Повисла пауза. Куров смотрел в окно. Серое московское небо и мелкий осенний дождик напоминали родной Питер. Вот только видневшаяся часть ненавистного здания на Малой Лубянке возвращала в реальность: Москва- не Питер. Да что Москва, уже и Питер не Питер. Самодур Петр не только дворцы в Петергофе строил, но и очень увлекался лубянскими тайными канцеляриями. И при этом считается Великим! Или это часть русской натуры – чем больше правитель самодур, тем больше великий?
- А пригласил, потому что Ваш взгляд на отношения художника и власти показался мне интересным. Вы же не из тех 77,5%, которые регулярно голосуют «за»?
- Не из тех.
- Но Вы, как человек образованный, должны относиться к ним снисходительно и с сочувствием. Люди тяжело работают, мало зарабатывают, телевизор смотрят… Вот у Вас в финале, кстати, очень удачном, горящий купол опускается на прохожих, а когда догорает, они оказываются как бы в металлической клетке. И Микеланджело из окошка своей тюрьмы видит, как лучшее творение его жизни тоже оказывается тюрьмой. Мысль о том, что власть манипулирует гениями для помощи в построении тюрем, показалась мне не избитой. Кстати, я три дня назад вернулся из Рима и могу Вас заверить - Купол на месте!
- Я не был в Риме, но читал, что из-за интриг Бернини, колоннада, которую он соорудил, обессмыслила великое творение. И теперь это просто круглая крыша очень большого собора.
- Не соглашусь. В Риме есть мужской монастырь, из сада которого открывается чудесный вид на Собор и Ватикан. Отчетливо видно, что купол, как и в момент творения, парит над миром. Правда, в монастырь далеко не всех пускают…

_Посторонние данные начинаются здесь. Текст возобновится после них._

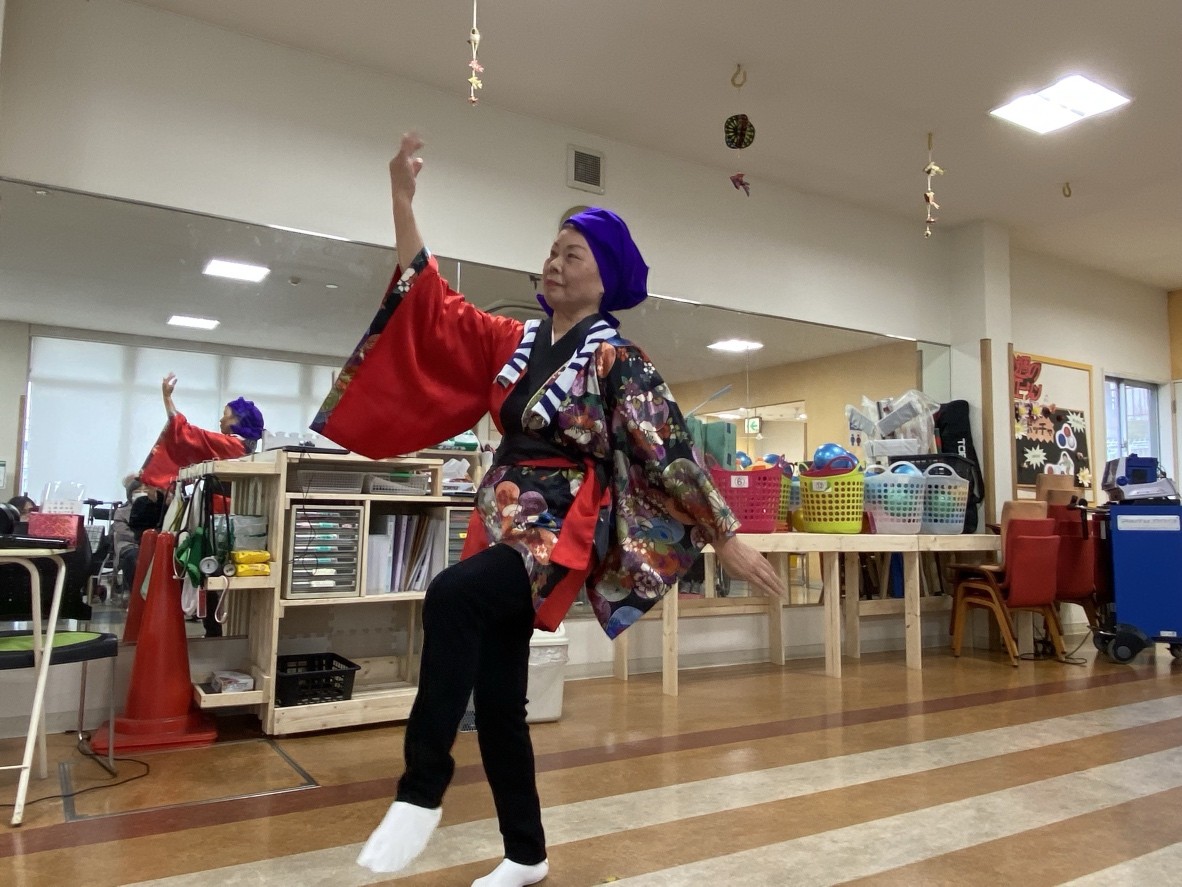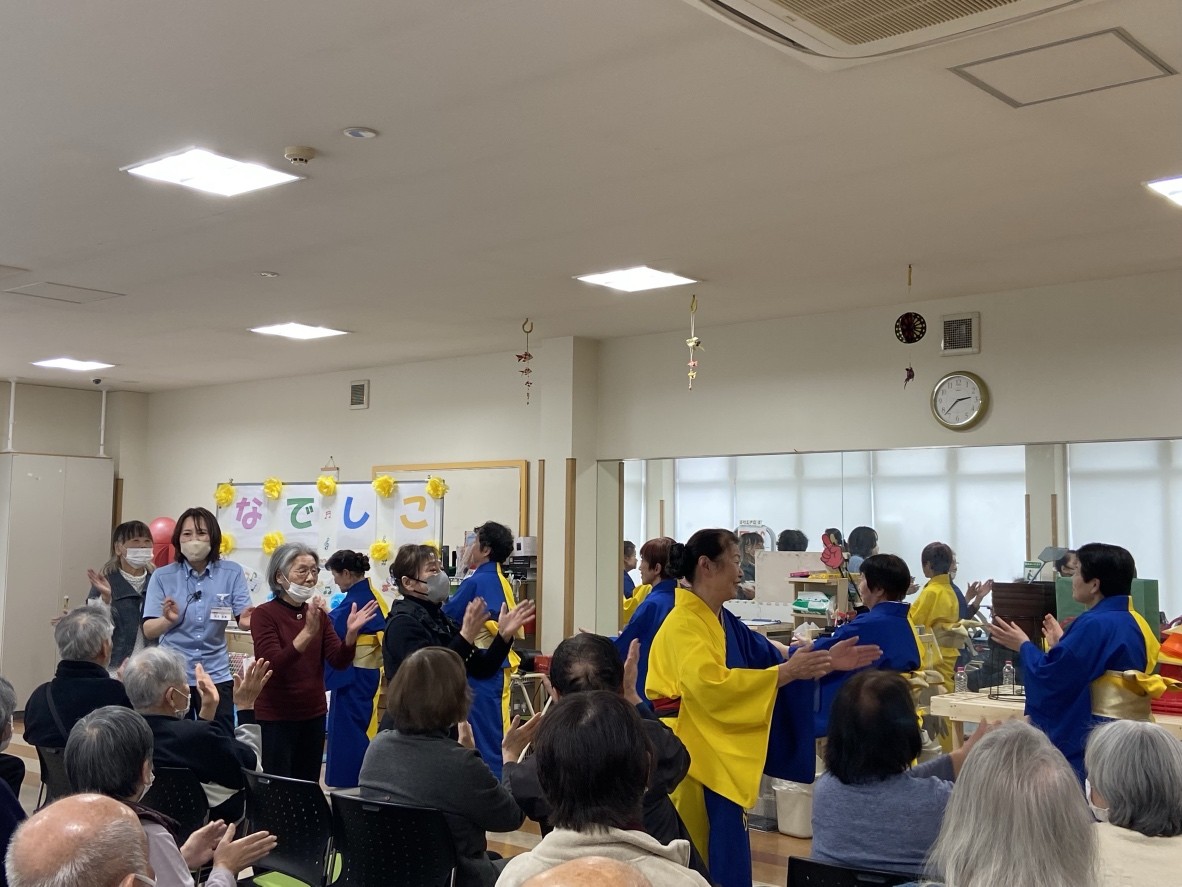 本日は、ボランティアグループ『なでしこ』さんにお越しいただき、踊りイベントを開催しました!あいにくの雨となりましたが、なでしこさんの着物は黄色と青色のとても華やかな色合いで、見ているだけでも楽しむことができました。踊りが始まるまでの時間には、スタッフによるじゃんけん大会を開催!会場は笑い声に包まれ、大いに盛り上がりました♪踊りイベントでは、素敵で力強い様々な舞を披露していただきました。チーム同士で「良かったよ」と声を掛け合う場面もあり、とても印象的でした。最後は『炭坑節』を、スタッフやご利用者さまも一緒に参加して踊りました♪皆さまのとても良い笑顔が見られ、楽しいひとときとなりました。
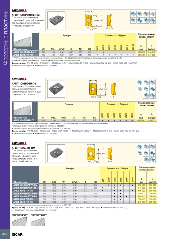 •  APKT...L используются только на левосторонних фрезах. • Руководство по эксплуатации и режимы резания см. стр. 542-547
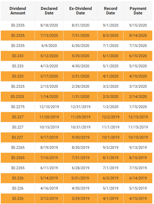 현재 한 주당 약 0.2335달러를 배당합니다.
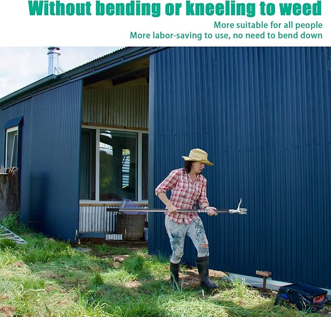 - Weeding by standing to Save your back: 52" stand-up weeding remover tool with a long pole, that saves your back & knees. Effortlessly weed puller from your garden without bending or kneeling, eliminating sore knees and stooping pains. It really is a practical weeding tool for grandpa, grandma, father, husband, or whatever you need, making weeding a breeze.
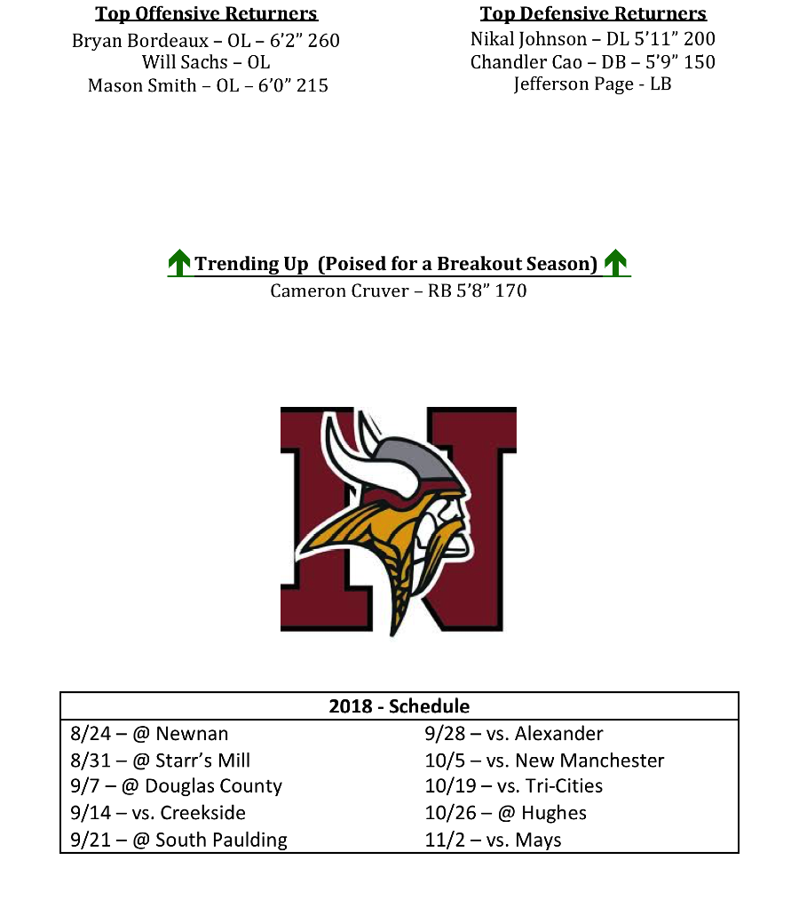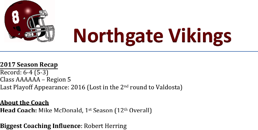 Coach Mike McDonald begins his first season as head coach for the Northgate Vikings this season. McDonald previously led both Union Grove and Newnan to playoff appearances in his 11 seasons as head coach. McDonald and the Northgate staff will have a big challenge right away.

- Вот видите. Художник думает, что он творит для всех, что его талант сделает человечество лучше. А оказывается, что всё для избранных. При этом власть пытается не просто использовать, а поиметь художника. Причем и в прямом, и в переносном смысле. И имеет куда и когда хочет, и ныне, и присно, и…
- Конкретней можно, особенно про «ныне»?
- Можно. Например, появляется неординарный художник, который в короткое время становится кумиром молодежи и либеральной интеллигенции. И ему позволяют чуть больше, чем остальным: из бюджета подкармливают, театр или галерею отдают на откуп, в ток-шоу попиариться приглашают. А потом, так за годик или два до очередной смены декораций, которую у нас почему-то называют выборами, начинают жестко щемить. И повод, как правило, надуманный. Визг, крики, обращения на самый верх, из Парижа просьбы, из Берлина пальчиком грозят, мизинчиком правда, но грозят. А суд все продлевает и продлевает рассмотрение дела, а пикеты возле суда все активничают и активничают. И не понимает никто, что это не пикеты, а минеты – мы сосем у власти, и она же над нами насмехается. И вот кульминационный момент: на самом верху принимается решение – отпустить. Ура! Победа! Невинного человека отпустили из зала суда! Просто какой-то апофеоз справедливости и мудрости! Голосуем, пацаны, иначе еще хуже будет! И забывают, что уже не около нуля у нас, а горазда ниже! Гораздо ниже плинтуса…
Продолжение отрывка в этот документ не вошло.